Originally set up as a polio helpline supported by UNICEF and partners, the facility expanded in scope to address the COVID-19 response and had received 5.4 million calls as of July 2020.
“It’s stressful work, but I feel proud that I’m serving the people during this challenging time,” says Sadia.
South Africa
Sibongile Zuma is on the phone at ChildLine, a non-government organization that provides free counselling for children and adults across South Africa.
UNICEF supports the organization with nine call centres around the country, many of which receive calls from children who ask about the coronavirus or want to report neglect and hunger. Often children are experiencing anxiety due to abuse, fear or difficulty with homework, or are experience domestic violence and online harassment. In the last two weeks of June 2020 alone, they received almost 6,000 calls.
Ukraine
Social worker Tetyana Stoyanova visits one of her clients in Bilokurakyne, eastern Ukraine. “Sometimes families use COVID-19 to keep us out of their homes,” she says. “They say they are afraid to get infected from us”.

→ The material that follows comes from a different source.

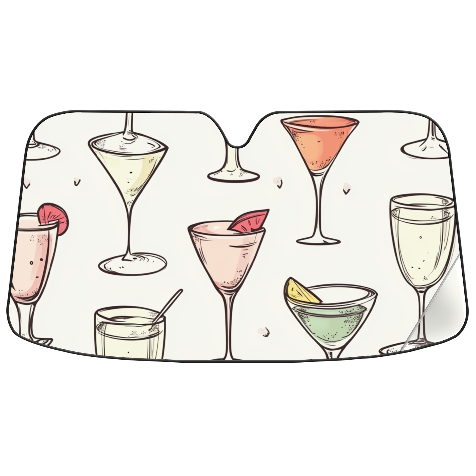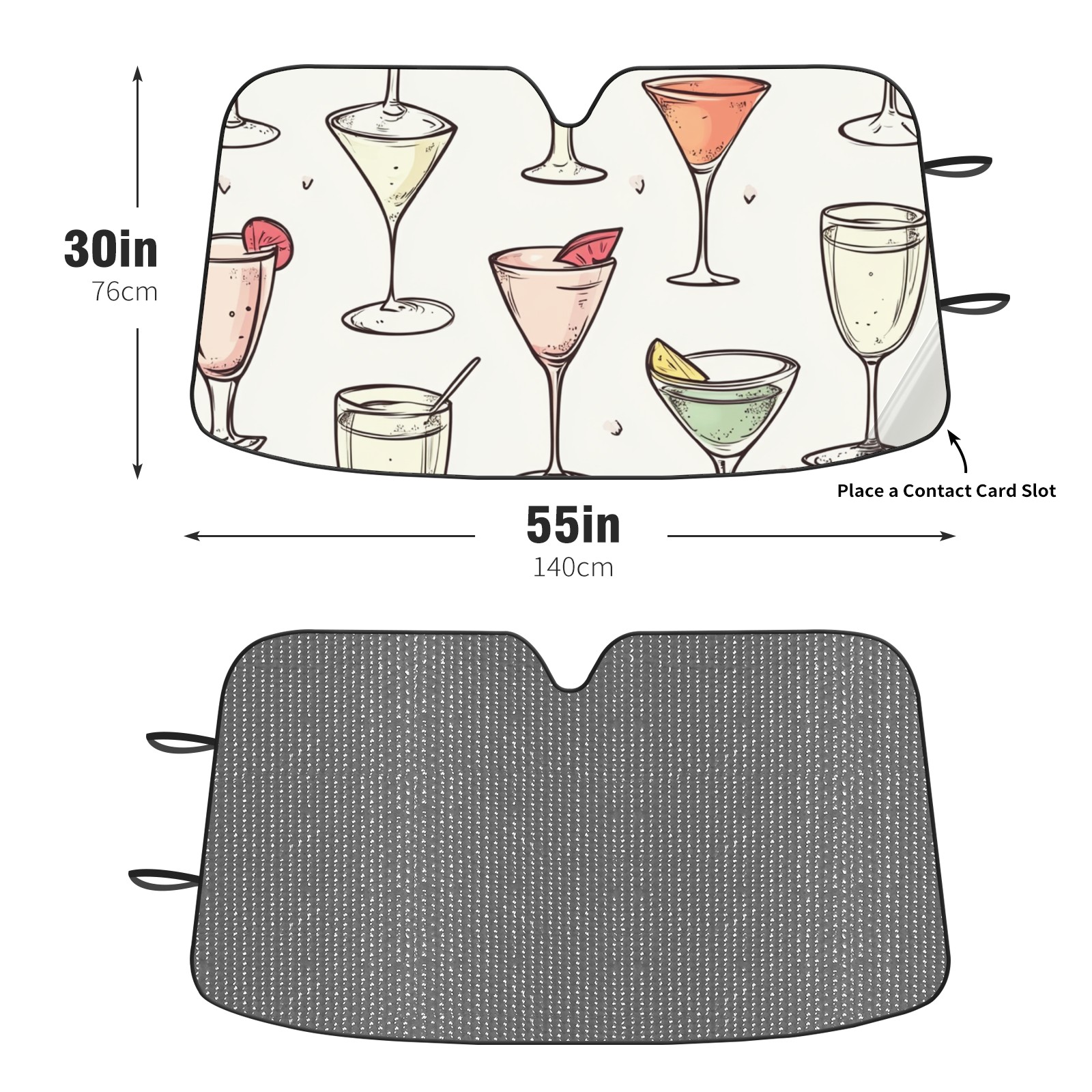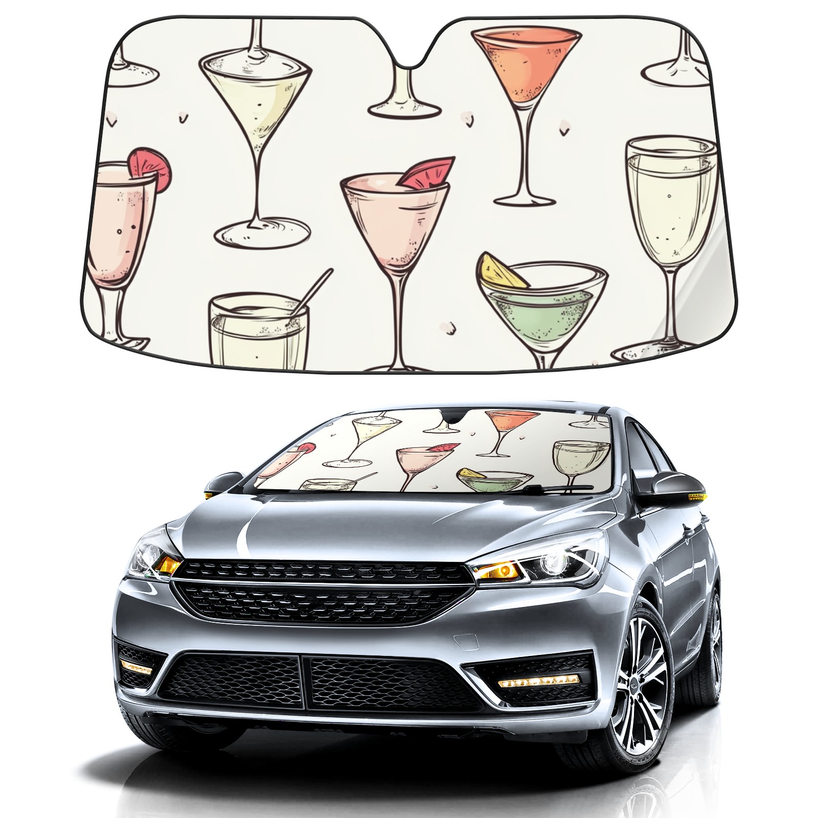 Champagne Glasses Car Sun Shade UV Protection Foldable Sunshade for Windshield Heat Insulation Portable Sun Shield for Car Interior Protection Automotive Window Protector

In Ukraine, 42,000 children, including those with disabilities, were sent back home from boarding schools and other childcare institutions as a result of measures to stem the spread of COVID-19. The situation has led to growing demand for social services and for enhancing the role of social workers in the community.
UNICEF Ukraine is working with regional and local partners to rapidly assess the situation and provide support to children and families in vulnerable communities, as well as to equip frontline responders in eastern Ukraine with protective supplies and technical guidance.